Work task
After locating the line that contains "- 7-Die Sets" in the records below, write out exactly that line and each line after it through the one that contains "- Odolný materiál: Kompozitní", and nothing else.

Available data
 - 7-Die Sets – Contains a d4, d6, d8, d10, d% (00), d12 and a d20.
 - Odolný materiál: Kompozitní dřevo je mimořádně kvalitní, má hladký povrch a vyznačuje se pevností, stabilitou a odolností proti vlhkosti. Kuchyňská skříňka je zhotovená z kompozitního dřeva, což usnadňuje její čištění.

---

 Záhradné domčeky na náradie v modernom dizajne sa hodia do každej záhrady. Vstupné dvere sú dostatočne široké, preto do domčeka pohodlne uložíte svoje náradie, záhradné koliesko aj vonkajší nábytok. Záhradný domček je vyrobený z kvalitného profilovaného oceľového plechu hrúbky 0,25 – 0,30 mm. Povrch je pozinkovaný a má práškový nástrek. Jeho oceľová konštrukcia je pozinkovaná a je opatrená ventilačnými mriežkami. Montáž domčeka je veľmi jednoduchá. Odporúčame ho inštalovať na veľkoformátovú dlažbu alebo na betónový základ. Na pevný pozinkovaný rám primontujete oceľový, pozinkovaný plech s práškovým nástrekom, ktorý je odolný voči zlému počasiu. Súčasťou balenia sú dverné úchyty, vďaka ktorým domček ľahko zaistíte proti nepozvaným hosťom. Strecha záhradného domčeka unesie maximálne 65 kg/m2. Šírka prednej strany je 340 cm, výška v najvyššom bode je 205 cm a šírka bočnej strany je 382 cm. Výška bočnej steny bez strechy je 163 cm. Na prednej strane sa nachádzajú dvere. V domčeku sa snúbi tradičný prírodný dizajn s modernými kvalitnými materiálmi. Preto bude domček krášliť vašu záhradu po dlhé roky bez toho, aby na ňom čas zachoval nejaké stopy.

---

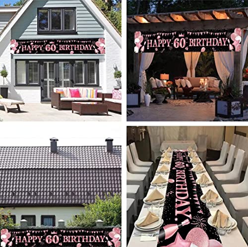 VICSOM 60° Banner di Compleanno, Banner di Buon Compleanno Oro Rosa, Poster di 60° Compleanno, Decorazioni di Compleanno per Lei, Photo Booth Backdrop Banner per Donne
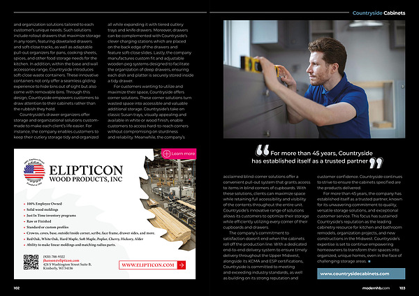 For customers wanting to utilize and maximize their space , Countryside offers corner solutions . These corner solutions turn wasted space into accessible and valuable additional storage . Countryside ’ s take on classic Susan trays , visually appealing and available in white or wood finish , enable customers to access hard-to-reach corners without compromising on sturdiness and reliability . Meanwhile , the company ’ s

Output of the task
 - 7-Die Sets – Contains a d4, d6, d8, d10, d% (00), d12 and a d20.
 - Odolný materiál: Kompozitní dřevo je mimořádně kvalitní, má hladký povrch a vyznačuje se pevností, stabilitou a odolností proti vlhkosti. Kuchyňská skříňka je zhotovená z kompozitního dřeva, což usnadňuje její čištění.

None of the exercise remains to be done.